Ce qui a commencé avec le sang et la fierté s'est terminé par des cendres et des os. Le rêve d'un nouvel empire glorieux coule de Tokyo, dans lequel les peuples d'Asie accepteraient avec gratitude la protection des jeunes guerriers imparables du Japon, culminé en août 1945 au milieu d'une tempête de feu puis de deux éclairs nucléaires aveuglants.
Personne ne connaît le véritable décompte des victimes de la Seconde Guerre mondiale à l'Est. Mais si nous incluons la campagne de 15 ans en Chine - comme nous le devrions - il est susceptible d'éclipser même le front oriental d'Hitler. On estime que 20 millions de Chinois sont morts, auxquels nous devrions ajouter au moins trois millions de japonais, des centaines de milliers de troupes britanniques, américaines et indiennes, plus des millions d'autres qui sont morts à cause de la famine générée par la guerre, et les civils des nombreuses villes qui ont été menées, de Jakarta à Hanoi.
Aucune guerre n'est jamais civilisée, mais les campagnes de cette région se sont distinguées par un niveau de cruauté irrationnelle qui défie presque la description. Et ils ont commencé bien avant Pearl Harbor. Les Japonais combattaient la Chine en Mandchourie depuis 1931, mais lorsque la deuxième guerre sino-japonaise a éclaté en 1937, elle a porté le conflit à un nouveau niveau horrible.
Pris dans une guerre civile entre les communistes et les nationalistes, la Chine a fait face à un ennemi confiant et technologiquement supérieur.
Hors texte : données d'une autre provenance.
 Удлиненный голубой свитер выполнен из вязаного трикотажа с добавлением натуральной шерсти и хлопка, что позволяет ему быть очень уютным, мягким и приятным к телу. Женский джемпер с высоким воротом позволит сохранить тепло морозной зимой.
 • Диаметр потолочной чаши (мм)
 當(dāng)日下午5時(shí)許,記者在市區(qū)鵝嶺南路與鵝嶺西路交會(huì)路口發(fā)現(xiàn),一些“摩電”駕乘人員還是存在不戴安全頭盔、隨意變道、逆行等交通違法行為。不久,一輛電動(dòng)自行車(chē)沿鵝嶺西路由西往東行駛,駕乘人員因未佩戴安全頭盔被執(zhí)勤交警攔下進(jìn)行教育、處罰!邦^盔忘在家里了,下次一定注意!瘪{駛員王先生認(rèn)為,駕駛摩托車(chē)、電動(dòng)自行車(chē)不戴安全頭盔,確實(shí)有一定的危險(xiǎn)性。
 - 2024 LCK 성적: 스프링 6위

Et comme City After City est tombée, les Japonais ont révélé ce qui se trouvait derrière toute sa propagande sur la «copro-asiatique et la fraternité» - à savoir une lutte sanguine vicieuse et explicitement raciste.
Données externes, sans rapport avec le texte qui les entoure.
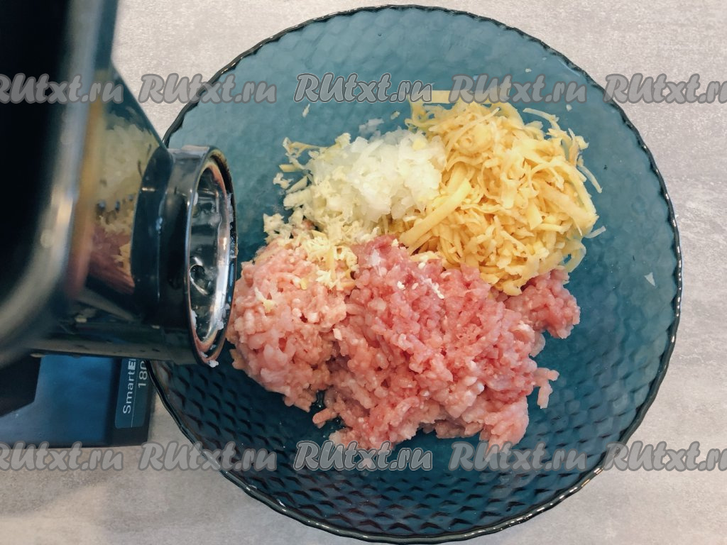 Моя электромясорубка работает ещё и как овощерезка, поэтому очищенный картофель, лук и чеснок я измельчила на ней. Если у вас обычная мясорубка, тогда очищенные лук и картофель можно просто перекрутить через мясорубку, а чеснок - натереть на мелкой тёрке. Измельчённые овощи добавить в миску с фаршем.
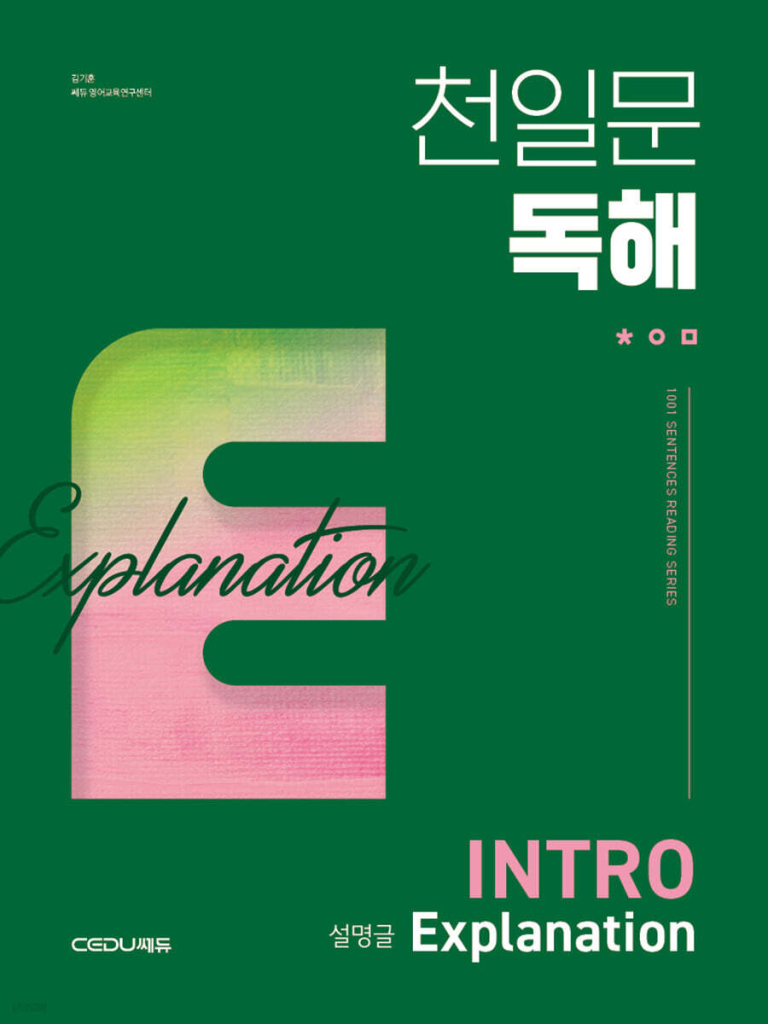 추천 루틴은 ‘하루 2~3지문, 30~40분’. 본문에서 문단 기능(정의/특징/비교/원인–결과/사례/결론)을 라벨링하고 핵심 문장·연결어를 표시한 뒤, Stage 3 도식화를 완성하고 기출로 동일 패턴을 재확인하세요. 과학·사회·심리 등 정보 밀도 높은 지문에서 정답 근거를 빠르게 특정하고 싶은 수험생, 문장 해석력은 있는데 요지·구조를 놓치는 학습자라면 이 책으로 ‘정보를 읽는 눈’을 가장 안전하게 세울 수 있습니다. 개인적으로 가장 애정하는 영어 독해 교재입니다. 본문에 천일문 독해 INTRO 설명글 답지를 첨부해두었습니다. 홈페이지를 방문하시면 더 많은 학습자료를 보실 수 있습니다.
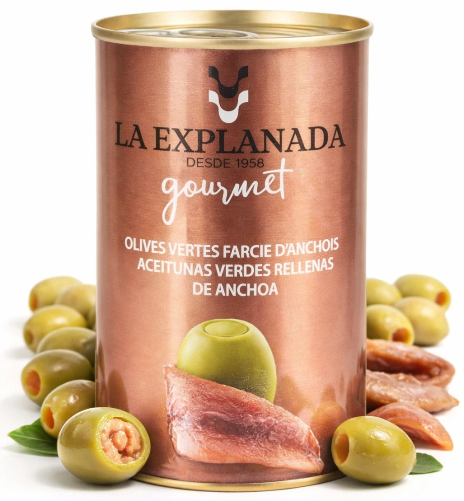 Dopřejte si autentickou chuť Španělska s zelenými olivami La Explanada plněnými ančovičkovou pastou. Tato varianta patří k absolutní klasice mezi španělskými tapas. Pečlivě vybrané olivy odrůdy Manzanilla vynikají svou masitou texturou, kterou skvěle doplňuje slaná a intenzivní chuť mořských sardelí (ančoviček). Jsou nepostradatelným doplňkem k vychlazenému pivu, suchému sherry nebo jako gurmánská ingredience do vašich oblíbených salátů a jednohubek.
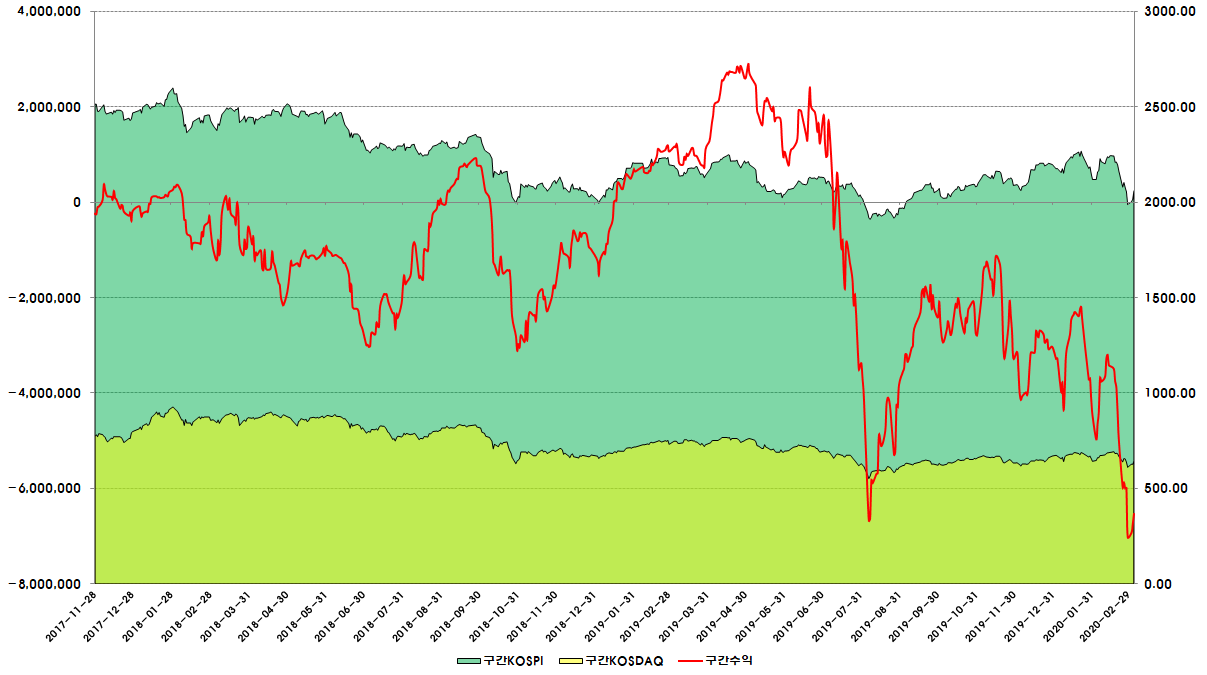 이는 확률밀도 함수에 근거하여 저점을 포착하는 전략이었다. 3.56년을 운용한 전략으로 지수가 상승할때는 어느정도 따라가는 모습을 보였지만, 하락방어를 전혀 하지 못하고, 손실이 급격하게 커지고 말았다. 하락장에 종목이 더 많이 포착되면서 하락시에 투자금이 늘어나고, 상승시에는 종목이 나오지 않는 상황이 종종 발생했다. 특히나 안좋았던 점은, 무려 2년 넘게 보유했던 종목도 있었기 때문에 종목 회전이 너무나도 느렸다. 손절라인에 닿지도 않고, 그렇다고 익절가에 도달하지도 않는 애매모호한 종목을 끌어안고 있는 상황이 지속되었다. 결국에는 이 전략도 폐기하고 말핬다.
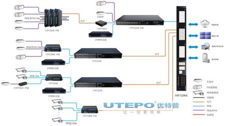 系統(tǒng)用到了優(yōu)特普“網(wǎng)電速聯(lián)”高清監(jiān)控傳輸方案,主要用到了優(yōu)特普4口、8口、24口等PoE交換機(jī)以及安防專(zhuān)用匯聚交換機(jī),實(shí)現(xiàn)從分布式攝像頭的接入到匯聚的過(guò)程,有以下特點(diǎn):

Au cours d'un déchaînement de six semaines en 1938 qui est tombé dans l'infamie alors que le «viol de nanning», les soldats de l'empereur Hirohito se sont livrés à des crimes qui sont même trop bouleversants pour raconter en détail. Venant d'une société réputée alors comme maintenant pour sa discipline et son décorum, quelque chose de vraiment bestial s'inst...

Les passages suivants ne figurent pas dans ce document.